You shoudl calculate `precision`, `recall`, and `f1` over the gold and predicted labels for the entire list of paragraphs by adding up the confusion matrices for each one.

In [None]:
def strict_correct_fn(gold: RelationTriple, pred: RelationTriple) -> bool:
    return gold.head == pred.head and gold.relation == pred.relation and gold.tail == pred.tail

In [None]:
class ConfusionMatrix():
    def __init__(self, tp=0, fp=0, tn=0, fn=0):
        self.tp = tp
        self.fp = fp
        self.tn = tn
        self.fn = fn

    def __add__(self, other):
        return ConfusionMatrix(
            self.tp + other.tp,
            self.fp + other.fp,
            self.tn + other.tn,
            self.fn + other.fn,
        )

    def to_numpy(self):
        return np.array([self.tp, self.fp, self.fn, self.tn])

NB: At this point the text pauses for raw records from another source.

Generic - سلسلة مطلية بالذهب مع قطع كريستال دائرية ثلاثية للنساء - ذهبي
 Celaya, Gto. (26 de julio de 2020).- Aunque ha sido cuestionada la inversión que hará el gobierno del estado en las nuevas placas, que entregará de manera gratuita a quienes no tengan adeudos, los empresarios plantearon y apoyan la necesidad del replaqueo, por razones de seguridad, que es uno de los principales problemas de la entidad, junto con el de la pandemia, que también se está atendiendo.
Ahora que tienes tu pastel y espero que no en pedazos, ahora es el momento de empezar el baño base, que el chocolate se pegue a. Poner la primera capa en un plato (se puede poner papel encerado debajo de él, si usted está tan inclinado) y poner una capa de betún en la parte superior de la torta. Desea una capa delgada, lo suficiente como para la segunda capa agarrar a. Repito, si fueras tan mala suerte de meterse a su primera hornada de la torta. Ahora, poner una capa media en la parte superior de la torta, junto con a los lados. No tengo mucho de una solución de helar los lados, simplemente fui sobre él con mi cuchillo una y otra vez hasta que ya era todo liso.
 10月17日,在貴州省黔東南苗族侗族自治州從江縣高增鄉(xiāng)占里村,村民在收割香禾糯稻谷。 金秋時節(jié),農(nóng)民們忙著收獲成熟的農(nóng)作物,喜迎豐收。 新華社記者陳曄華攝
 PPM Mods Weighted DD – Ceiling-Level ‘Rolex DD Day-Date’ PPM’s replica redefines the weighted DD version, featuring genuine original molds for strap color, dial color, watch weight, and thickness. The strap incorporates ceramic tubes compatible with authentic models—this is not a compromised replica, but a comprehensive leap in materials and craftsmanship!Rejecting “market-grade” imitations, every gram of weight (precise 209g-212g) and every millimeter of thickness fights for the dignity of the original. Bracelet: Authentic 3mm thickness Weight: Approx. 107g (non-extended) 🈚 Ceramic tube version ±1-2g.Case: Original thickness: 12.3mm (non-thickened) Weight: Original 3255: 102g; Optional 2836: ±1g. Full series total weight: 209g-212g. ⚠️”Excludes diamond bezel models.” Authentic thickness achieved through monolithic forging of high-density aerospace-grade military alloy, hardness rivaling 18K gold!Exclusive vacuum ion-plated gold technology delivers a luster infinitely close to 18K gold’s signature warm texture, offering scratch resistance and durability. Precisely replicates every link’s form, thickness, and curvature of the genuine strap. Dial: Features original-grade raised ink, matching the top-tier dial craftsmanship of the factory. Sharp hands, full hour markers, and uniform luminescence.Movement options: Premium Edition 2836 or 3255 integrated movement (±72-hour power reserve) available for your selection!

def get_confusion_matrix(gold: list[RelationTriple], pred: list[RelationTriple], correct_fn) -> ConfusionMatrix:
    pass

In [None]:
def precision(confusion_matrix: ConfusionMatrix) -> float:
    pass

In [None]:
def recall(confusion_matrix: ConfusionMatrix) -> float:
    pass

In [None]:
def f1(confusion_matrix: ConfusionMatrix) -> float:
    pass

In [None]:
def summed_confusion_matrix(gold: list[list[RelationTriple]], pred: list[list[RelationTriple]], correct_fn) -> ConfusionMatrix:
    return sum([
        get_confusion_matrix(g, p, correct_fn) for g, p in zip(gold, pred)
    ])

### LLM-as-judge

**Question 3:** Use the LLM to adjudicate the output by **implementing the `llm_correct_fn`**, then computing new precision, recall, and F1 scores.

In [None]:
def llm_correct_fn(gold: RelationTriple, pred: RelationTriple) -> bool:
    pass

### Evaluating the evaluation

**Question 4:** For each of the evaluation methods (strict matching and LLM-as-judge), sample 10 false positives and 10 false negatives. What proportion of these are incorrectly evaluated? **In a few sentences,** compare the evaluation methods and reflect on the challenges and potential methods for evaluating relationship extraction.